# cant decide between a seperation or divorce



## brown_mrm (Oct 21, 2007)

My husband had an affair that has lasted for 1 yr Now he has asked to come back as if nothing has happened. I just dont know what to do any advice. I love him and would do any thing for this to be true 
PLease give me some advice


----------



## draconis (Oct 3, 2007)

First heal yourself. Cheating has many effects on people.

IX) So what does this do to the person cheated on? 

Cheating can devastate a person emotionally, psychologically, spiritually, and even physically. 

Communication ~ A cheater will use lack a communication to hide the deed or avoid talking about it. But communication is the one thing that can hold a relationship together the best and even repair it. 

Unfair advantage ~ A cheater often uses an affair as a way of getting an unfair advantage over someone. It is easy to withhold sex from your partner if you are getting it elsewhere. They become weaker mentally and you now control a source of power. After all Cheaters are usually for one's own interest, and often at the expense of others. 

Lying ~ Most affairs are never known. This is in large part because of lying. Not just one Lie but over and over again. 

Trust ~ Trust is broken and often never rebuilt and for good reason.
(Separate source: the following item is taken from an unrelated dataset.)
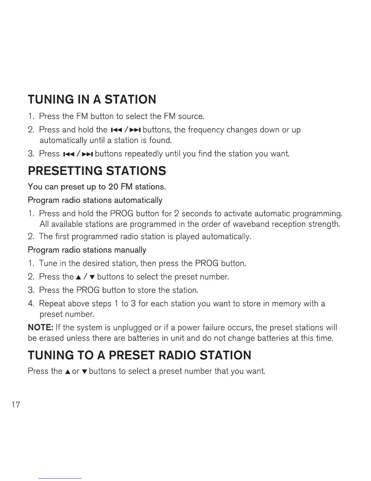Brookstone Bluetooth Clock Radio - Tuning in a Station; Presetting Stations; Tuning to a Preset Radio Station

But where trust is such an important issue to many relationships this is a key to why many end. 

Deceit ~ Like lying deceit is used to cover up the deed in hopes it will never be found out. 

Self esteem ~ Once a person has been cheated on they may lose a great deal of self esteem. Where they not good enough? Is the other person better looking? More fit? Better health? 

Vulnerable ~ Once you feel violated you worry that it can happen again. 

Unattractive ~ Why else would someone stray? 

Insecure ~ About who and what you are and stand for. Insecure about relationships and trust in another. 

Unworthy ~ Feelings of being unworthy of love or happiness. 
http://talkaboutmarriage.com/coping-infidelity/320-cheating-thesis.html#post1443

So ask that before you recommit to him that he pays for you to get councilling. Second he should get council too.

Cheating often leads to the ability to control anothers emotions.

Second thing to do is lay down the rules to him if he does come back it is on YOUR terms. Let him know in no way will you let him ever hurt you like that again.

draconis


----------



## amanda13 (Jan 15, 2009)

I have feelings that my husband might have cheated on me in some form - I told him if he had an indiscretion and he was honest with me about it we could work through it. He swears he hasn't but then says he wouldn't tell me if he did. But to tell you the truth I dont' know how I'd handle it if he did - other then him having to be fully upfront with everything he did until I could believe and trust him again - - - can you believe and trust him again????
Are there children involved - I only ask because I'm sure it would be hard for them to see this going back & forth if it wouldn't work out.


----------